Он замолчал, уставившись на Холдена. Ожидая ответа. Не дождавшись, Миллер шагнул к кровати. Что-то в его лице напомнило Холдену о тех случаях, когда коп у него на глазах стрелял в людей. Открыв шкафчик у кровати, он вытащил пистолет.
— Не подходи! — Он держал оружие, не наводя его пока на Миллера. — Только честно: если тебя пристрелить, ты хоть умрешь?
Миллер рассмеялся. Лицо его стало почти человеческим.
— Всяко может быть.
Открылась дверь, и Миллер пропал — как погас. Вошла Наоми, в халате, с грушей воды в руке.
— Проснулся?
Холден кивнул и убрал пистолет в шкафчик. Должно быть, Наоми все поняла по его лицу.
— Ты в порядке?
— Да. Он исчез, когда ты открыла дверь.
— Выглядишь ужасно. — Наоми поставила воду и шмыгнула к нему под одеяло.

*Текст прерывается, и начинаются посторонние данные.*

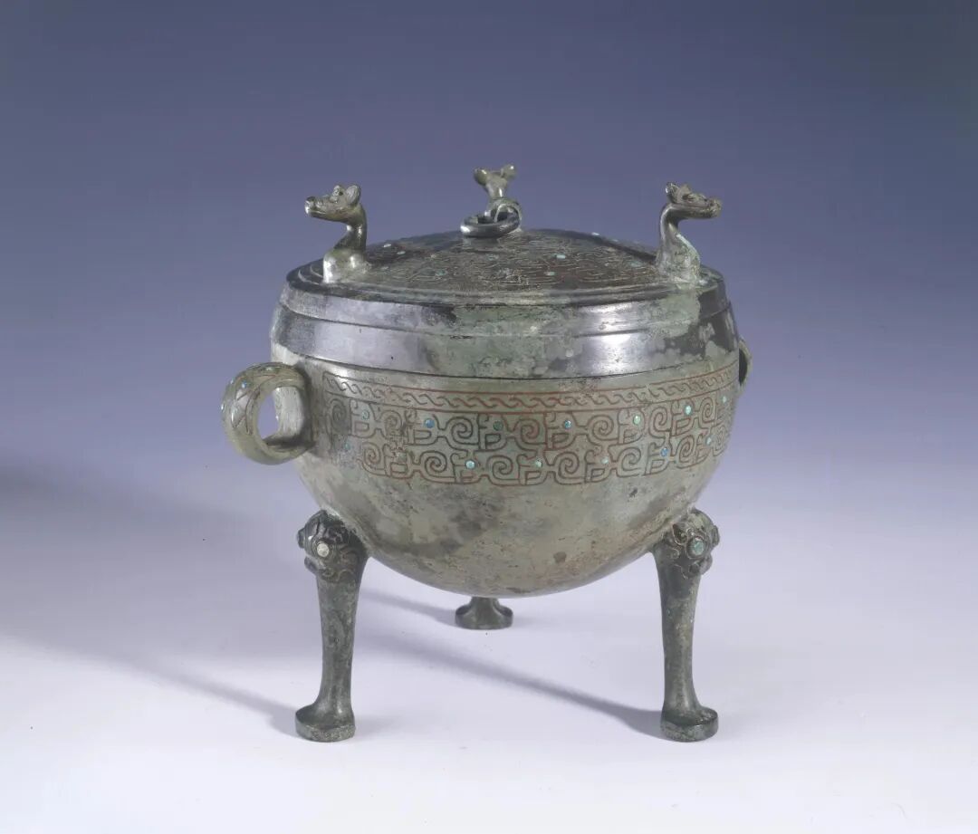 直口设平盖,盖面分置三个鹿首。细长的兽首蹄足。盖面和腹部装饰有红铜镶嵌的云纹和卷龙纹,龙目镶嵌有绿松石。整件器物纹饰精美,显示了当时高超的铸造技术。

— Он стал страшнее. Раньше я думал… ну, ты знаешь, что я думал. Но с тех пор, как он узнал о прыжке в портал, я пытаюсь понять, что же он хочет сказать. Легче было, когда я принимал его за что-то вроде помех в эфире. Тогда это… ничего не значило.
Наоми прижалась к нему, обняла, и Холден почувствовал, как расслабляются мускулы.

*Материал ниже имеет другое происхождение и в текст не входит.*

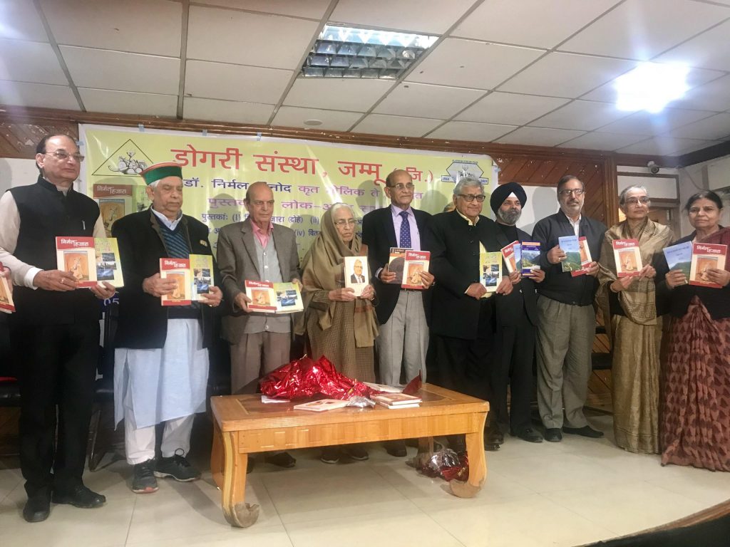 Dogri Sanstha Jammu organized a programme in which five books of veteran writer Dr. Nirmal Vinod were released. The books released include; Nirmal Hazara, As Te Aan Aam Lok; both original poetry works and Dehra Ch Ajj Bi Ugde N Sarhe Buhte, Vitasta Da Triya Kanda and Vah Bhi Din The; All three works of translation.

— Нельзя, чтобы об этом пронюхала команда Моники, — сказал он. Наоми грустно улыбнулась. — Ты что?
— Джеймс Холден уже не рвется все и всем рассказать, — усмехнулась она.
— Это другое дело.
— Понимаю. А что он говорил? — спросила она после паузы. — Ты что-нибудь понял?
— Нет, но он говорил о смерти. Все, что он говорит, — о смерти.
На протяжении следующих недель на корабле установился распорядок, пусть не слишком удобный, но устраивающий всех. Холден проводил время с документалистами, позволял себя снимать, показывал корабль, отвечал на вопросы. Каким было детство? Любовь, сложности, горько-сладкий вкус. Правда ли, что он спас Землю, уговорив полусонную девушку, из которой проросло семя протомолекулы, свернуть к Венере? Нет, скорее просто так сложилось. Он о чем-нибудь жалеет?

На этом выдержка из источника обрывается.